Brainiac On Banjo: Mike’s To-Do List!

Well, I’ve been down to the river, I washed away my sins. Well, every day’s a nice, clean slate, for me to fuck it up again. Yeah, I’ll probably fuck it up again. — from “Do It Again”, written by John Shanks and Sheryl Crow.

I decided I should make a “To Do” list. I ain’t getting any younger and I ration out my brain power, so this seems like a good idea. So I’ll do just that, you know, instead of writing a real column this week.

To do:

Reread the first nine issues of the current JSA miniseries, just in case DC decides to finish publishing it before I die.

Ask Bill Sienkiewicz if the British government contacted him about doing over King Charles’ official portrait.
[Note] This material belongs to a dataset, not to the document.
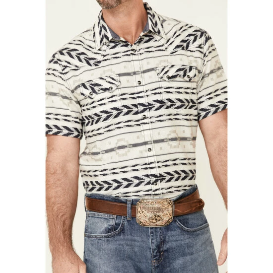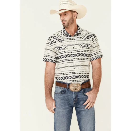 Promo 💯 Cody James Men’s Chute Aztec Dobby Print Short Sleeve Snap Western 👚 Shirt – Big White 🎉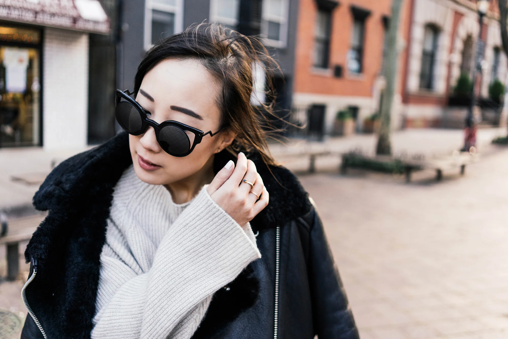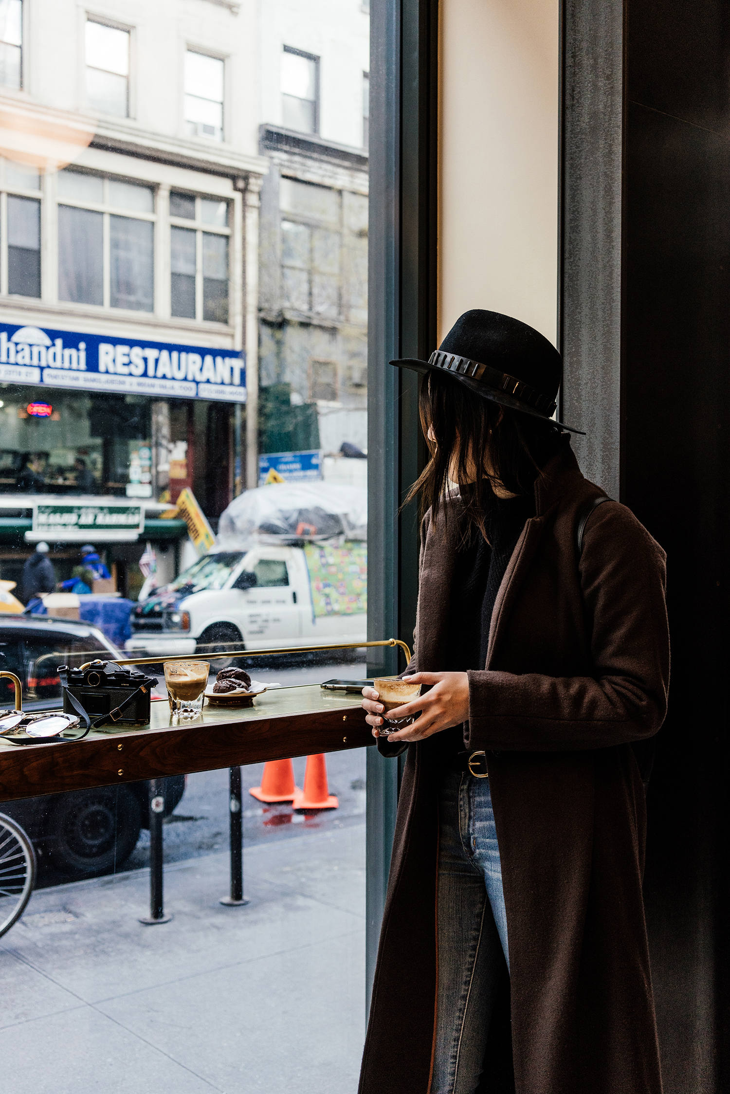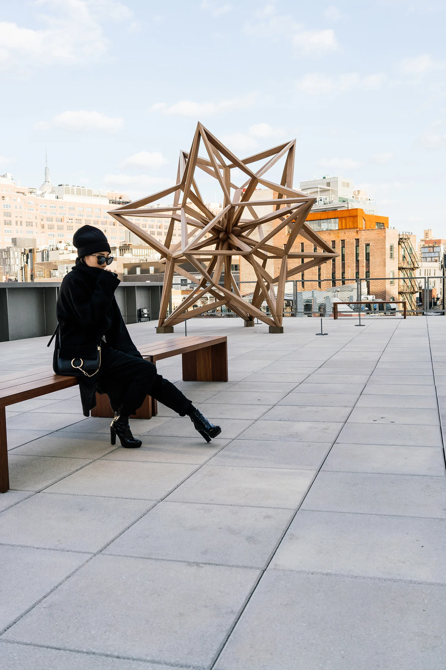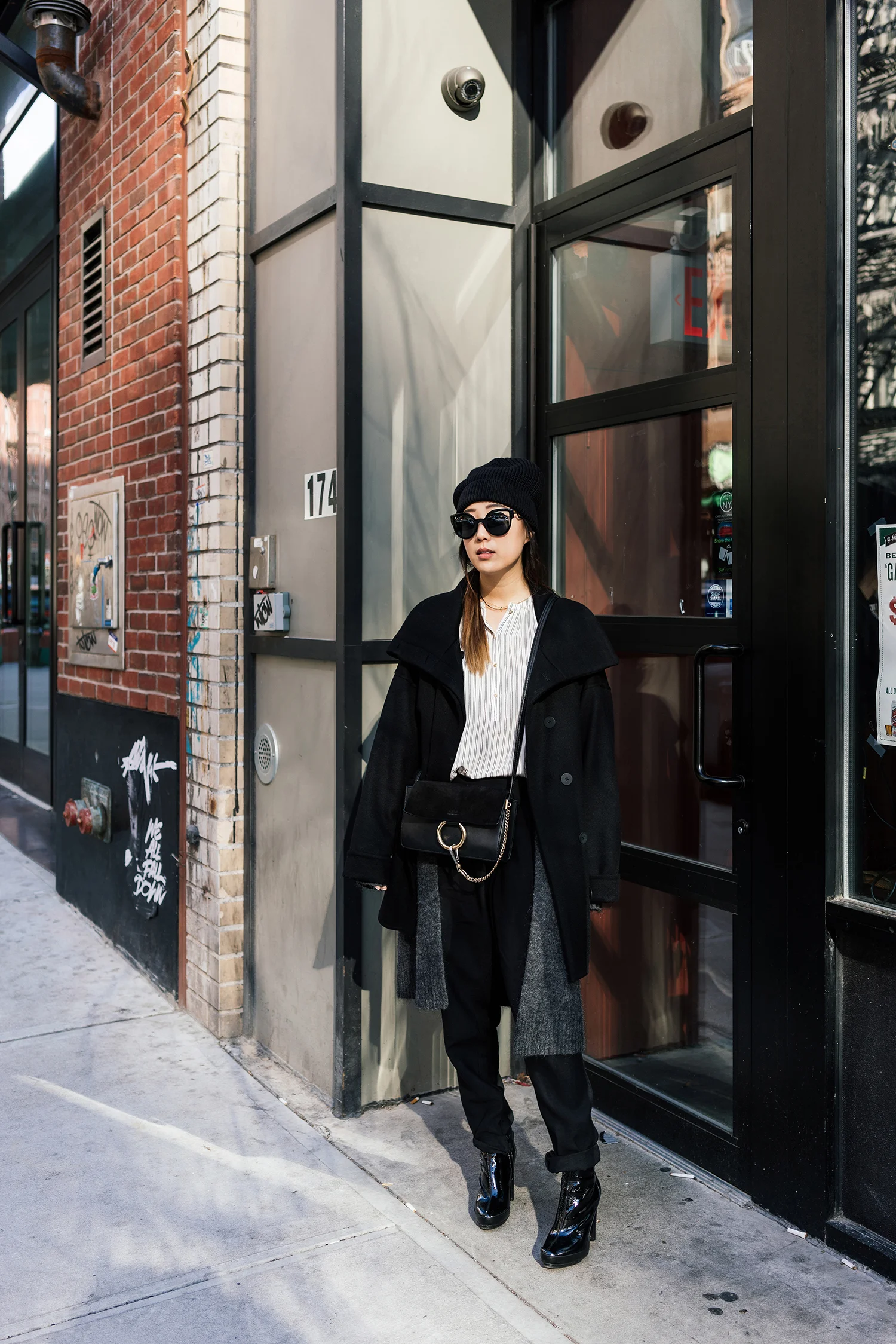 Michelle Waugh Coat, Acne Studios Cardigan, Ulla Johnson Shirt, Finders Keepers Pants, Balenciaga Boots, Chloe Bag, Stella McCartney Beanie, Fendi Sunglasses

Do some genetic research. I am convinced that the lunch cook at Riverdale High School, Miss Beazley, is closely related to Popeye, the Sailor Man. Possibly separated at birth.

Check and see if Trump died yet.

Write a hopefully not-too-long piece about what an unbelievably great cartoonist Dick Briefer had been.

Order our Deadpool & Wolverine tickets.

Offer to comp Marty Scorsese on the Deadpool & Wolverine tickets.

Sit next to Marty at the IMAX and ask him if it took major surgery to remove that stick up his ungrateful ass.

Remind most of America that American Jews are NOT Israelis.

Remind most of America that a great many Israelis are not at all fond of Netanyahu either.

Remind most of America of the differences between a republican democracy and a Parliamentarian government.

Figure out what happened to Daisy’s pups. Did they get taken for the last ride?

Talk Dan Parent into getting the rights to reprint his astonishingly clever sketch covers.

Talk Kerry Callen into getting the rights to reprint his astonishingly clever sketch covers.

Figure out who to bribe to get Bill Griffith the Nobel Prize In Literature for his book Three Rocks.

Double-check on the lying treasonous cocksucker who’s holding a gun to America’s head. Are we certain he’s still alive? And am I talking about Trump, or Netanyahu?

There are dozens and dozens of superhero one ounce silver coins (Marvel and DC characters, mostly) being minted in nations all over this planet (at least). Maybe a holiday gift?

Figure out why the bastards at Google Chrome won’t let me post anything unless I buy Grammerly. I can make more than enough mistakes on my own, thank you, I don’t need these bastards to make more of them for me.

Finally finish reading Robert Crumb’s Book of Genesis. I’m dying to see how it ends.

I promise to help in any way I can to help make GrimCat a reality.

I firmly believe the guy who owns The Android’s Dungeon comic book shop, identified as Jeff Albertson in The Simpsons’ episode “Homer and Ned’s Hail Mary Pass,” is one of the great philosophers of the past 35 years, and I should compile his most useful quotes so that the animatedly-challenged can appreciate them as well. No, seriously.

Hanging an ex-president for attempting to take over our government does not make us a banana republic. It makes us a nation of laws that protect our democracy.